As of March 2013 Apple reported having a total of $145 billion cash on hand,
but $102 billion was stashed in offshore funds. On April 24, CEO Tim Cook announced that Apple
would return $100 billion to shareholders by the end of 2015. To finance the
expanded capital return, Apple will raise its dividend 15 percent and increase
its share buyback program six-fold to $60 billion. In other words, Apple is
going to go into debt, for the first time in more than a decade, in order to
keep investors happy.
Why go into debt? Why not just use some of those offshore billions they’ve
got lying around gathering dust? Because, to bring that money into the U.S.,
Apple would have to pay a 35 percent corporate tax. Why pay an outrageous tax
bill when a company with a AA-rating like Apple’s can borrow money at a 1.9%
interest rate?
Under current tax laws, money in offshore accounts can not be spent or
invested in the United States. It can’t even be given to the shareholders who
rightfully own the money, until someone antes up 35% to cover the taxes. At that
point, once the taxes are paid, the investors would also be responsible for
paying income taxes on their dividends – a double whammy for investors.
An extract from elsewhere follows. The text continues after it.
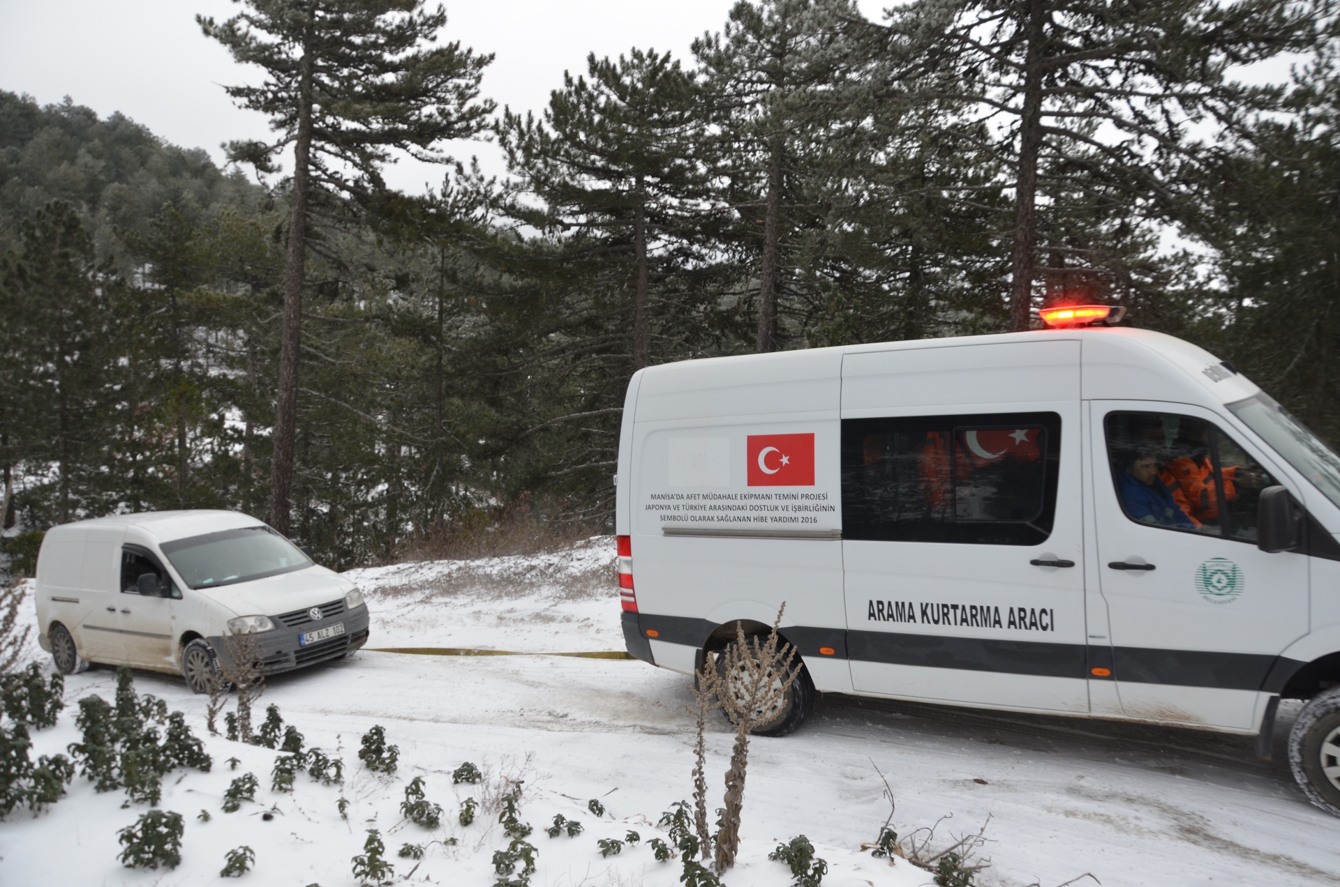 İhbar üzerine harekete geçen 5 kişilik Demirci Belediyesi Arama Kurtarma Timi, 45 kilometre mesafede zorlu arazi ve olumsuz hava koşullarına rağmen bölgeye ulaştı.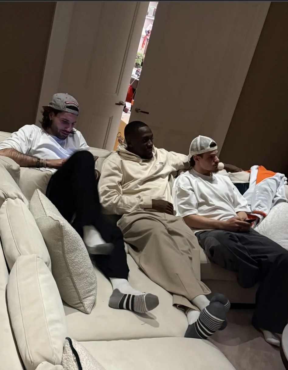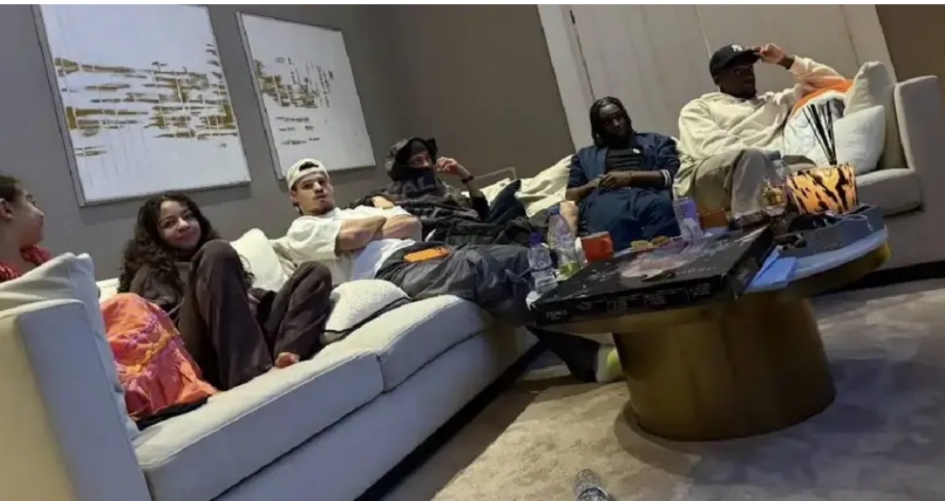 The Egyptian shared Instagram photos of the group chilling on sofas, gaming on phones, snacking, and soaking up family time amid his home portraits.

It should be noted that the money in these offshore accounts was earned
outside the U.S. and the appropriate taxes are paid to the countries
involved.
For major corporations like Apple, which has more money than it knows what to
do with, it just makes sense to leave that money in offshore accounts. Analysts
estimate that the amount of corporate money in offshore accounts
could exceed $1 trillion, money which could be boosting the US economy if it
were repatriated.
Apple isn’t the only U.S.-based corporation holding money in offshore
accounts. Last year, a lobbying coalition consisting of Google, Microsoft, Cisco
and Apple sought a tax holiday, similar to one in 2004, for repatriating
offshore funds. In 2004 Congress agreed to let companies repatriate money at a
discounted tax rate of only 5 percent.
The 2012 effort was suspended because Republicans
were focused more on permanent tax policy and Democrats were worried about the
potential loss of tax revenue.
What they failed to understand is that there is no loss of revenue as long as
Apple and other major corporations can use those offshore funds to secure
low-interest loans right here on American soil. It only makes sense: Why pay a
35% tax when you can get the same results with a 1.9% loan?